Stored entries
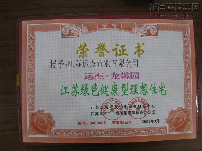 江蘇綠色健康幸理想住宅榮譽(yù)證書(shū)
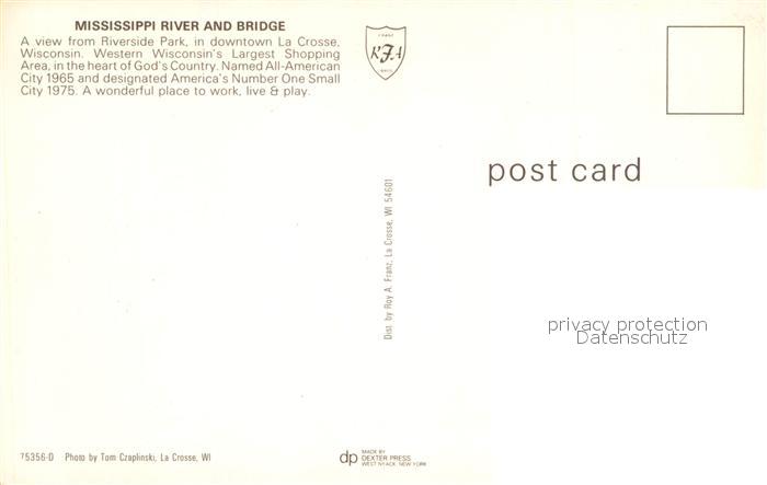 72938573 La Crosse Wisconsin Mississippi River Bridge Riverside Park postalisch nicht gelaufen Erhaltung siehe scans [PaolaD17] KatCode: 14140520000000
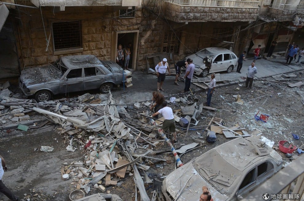 政府軍控制的阿勒坡市區內一片混亂,這裡剛受到反政府軍陣營的攻擊。
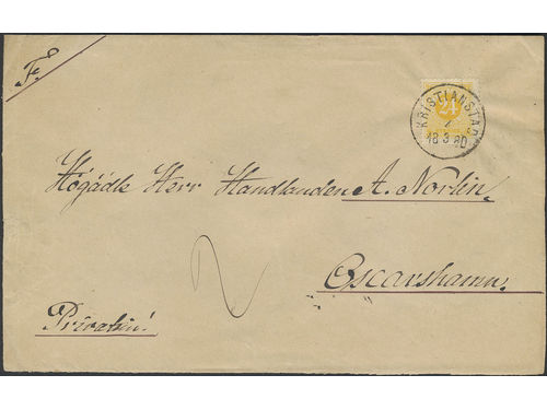 Sweden. Facit 34 on cover, 24 öre very beautiful double rate cover sent from KRISTIANSTAD 4.3.1880 to Oskarshamn. Sweden. Facit 34 on cover, 24 öre very beautiful double rate cover sent from KRISTIANSTAD 4.3.1880 to Oskarshamn. Visa mindre
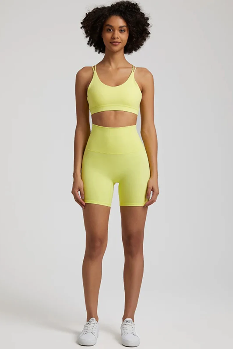 Découvrez cet ensemble de yoga conçu pour les femmes actives qui recherchent à la fois confort et élégance dans leur routine quotidienne. Composé d’un short taille haute et d’une brassière à dos croisé, cet ensemble épouse parfaitement les courbes de votre corps tout en offrant une grande liberté de mouvement. La matière stretch et respirante assure un soutien optimal lors de vos séances, que ce soit pour des postures de yoga, du Pilates ou des exercices à haute intensité.

*Description of the task*.
Write the records out again verbatim and omit the pictures they contain.

*Solution to this exercise*.
 江蘇綠色健康幸理想住宅榮譽(yù)證書(shū)
 72938573 La Crosse Wisconsin Mississippi River Bridge Riverside Park postalisch nicht gelaufen Erhaltung siehe scans [PaolaD17] KatCode: 14140520000000
 政府軍控制的阿勒坡市區內一片混亂,這裡剛受到反政府軍陣營的攻擊。
 Sweden. Facit 34 on cover, 24 öre very beautiful double rate cover sent from KRISTIANSTAD 4.3.1880 to Oskarshamn. Sweden. Facit 34 on cover, 24 öre very beautiful double rate cover sent from KRISTIANSTAD 4.3.1880 to Oskarshamn. Visa mindre
 Découvrez cet ensemble de yoga conçu pour les femmes actives qui recherchent à la fois confort et élégance dans leur routine quotidienne. Composé d’un short taille haute et d’une brassière à dos croisé, cet ensemble épouse parfaitement les courbes de votre corps tout en offrant une grande liberté de mouvement. La matière stretch et respirante assure un soutien optimal lors de vos séances, que ce soit pour des postures de yoga, du Pilates ou des exercices à haute intensité.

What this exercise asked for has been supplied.